Winter Sleep : Nuri Bilge Ceylan
It’s better to express the last impression first. I am stunned thinking about two strange sides of “Winter Sleep”, 2014 [Kis Uykusu] by Turkish celebrated film director Nuri Bilge Ceylan. One is its narrative form. I was in a complete immersion in reading Bengali author Rabindranath’s novels last month, all of them are dialogue driven structures which have made me a bit drained but I succeeded in completing my journey of reading Rabindranath. Years ago, I started to watch this Winter Sleep because that time I was keenly interested in Turkish arts and literature because of Orhan Pamuk. But I could not sustain exceeding 40 minutes over as its slow pace and overloaded conversations among characters. Today when I started watching it in the morning, I could not leave it. Maybe Rabindranath’s narrative techniques have put a deep impression on me about which I am not aware of. Though many say he got the style from Chekhov and Dostoyevsky, for me it’s Rabindranath.
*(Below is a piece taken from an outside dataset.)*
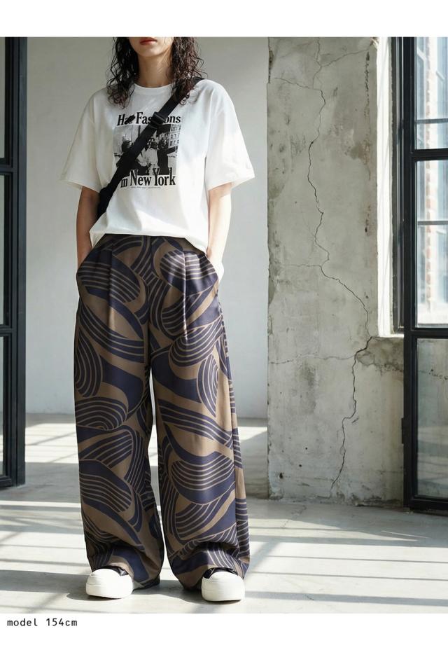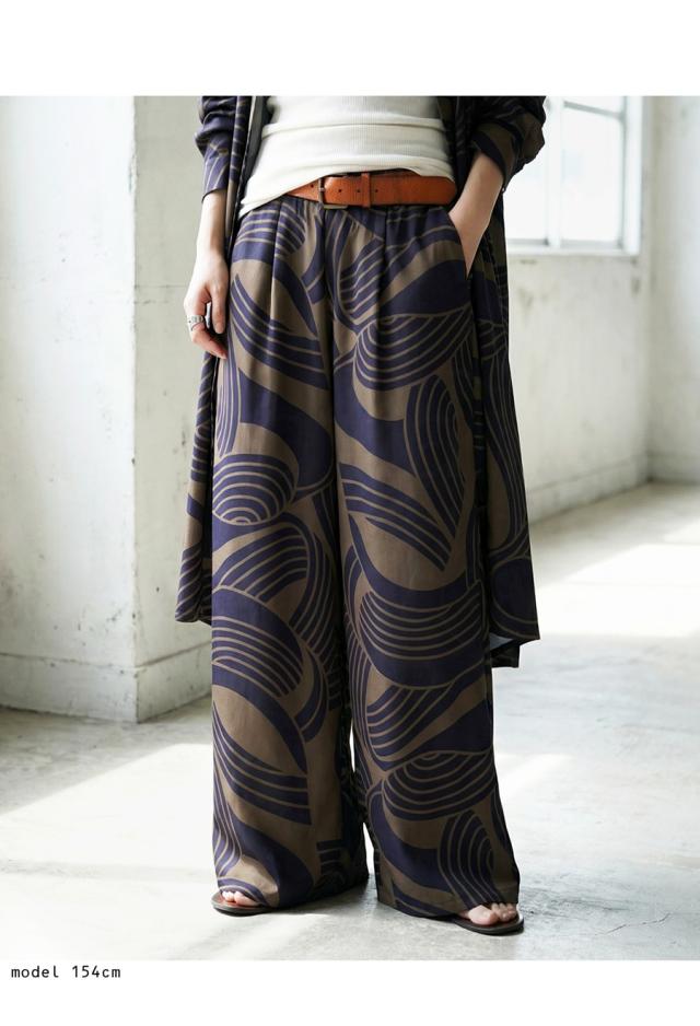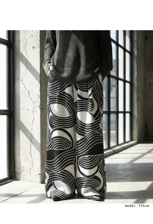 大胆な幾何学柄が視線を惹きつける、主役級のワイドパンツが登場しました。

The second aspect is closely related with the first one. When you put overloaded literary dialogues, your characters have less space to move physically except lips, eyes, and a bit of a hand. They remain in stillness. Last night I saw Kaouther Ben Hania’s Beauty and the Dogs where she used scene division theatrically. The characters have less space opportunity to move physically as they are taken one unbroken shot for each scene. When I stared closely at the screen frames and scene compositions, I was one step more surprised to notice that they are more like photographs with incomplete motions. The precision of cinematic compositions and color temperature are overwhelming.
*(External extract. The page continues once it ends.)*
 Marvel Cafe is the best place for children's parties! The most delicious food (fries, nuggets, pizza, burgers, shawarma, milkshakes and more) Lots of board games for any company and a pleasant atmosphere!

I didn’t think that a film could also be made and appear to me as a great novel written in or a philosophical treatise that can contemplate on human nature with such grace and sublimity. Every character in the movie is fully developed and shows their own deepest and strongest feelings, thoughts and emotions. What has shunned me is thinking about the contradictory nature of humankind. Every character showed one’s moral position positively in one topic, but shockingly appeared with one’s opposite attitude in a single scene over charity. That’s why one cannot define a good person or bad? The anticipating conversations between Aydin and Nihal where Nihal presents a list of opposing actions resulting from the same virtue, whereas Aydin in one scene scolds Nihal as bigotry but praises him as intelligent in the following scene. Therefore, it’s appropriate to take human nature. Being judgmental only brings discomfort to mind.
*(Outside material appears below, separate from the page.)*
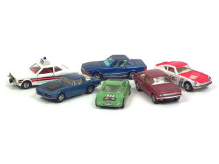 comprend : MORRIS MARINA (petits détails de peinture ajoutés), MERCEDES 350 SL (petits détails de peinture ajoutés), ISO GRIFFO, DATSUN 240 Z, FORD GT 70 & CORTINA GXL 'POLICE'

Two things seem so strange to be accepted but cathartic to ease the mind. The one when Ismail throws Nihal’s money into fire instead of gratitude to Nihal’s kindness. I was numb in silence for a while as Nihal was bursting into cries and tears. Ismail’s moral rage is undeniable that I may not be able to take someone for granted that any one will be flown with my compassion. The other is when Aydin released his Anatolian horse into the wilderness and when he came back to Hotel Othello and stared at each other and delivered a long monologue over voice and screened Nihal facial expression so poetically.
I didn't come across the hills that turn into houses and hotels before; they look so natural and sublime for viewing. The barren steppe and harsh hills represent the texture and feeling of discrimination of class systems shown onwards in the film. Every wide angle shot especially with zooming ones are stunning and surprising to me. The camera movements are executed with dexterity and artistry.
[Kis Uykusu]
Turkish, Turkey
PS: I watched "Winter Sleep" to have a taste of the representative film from each nominated director of the 2023 Cannes Film Festival.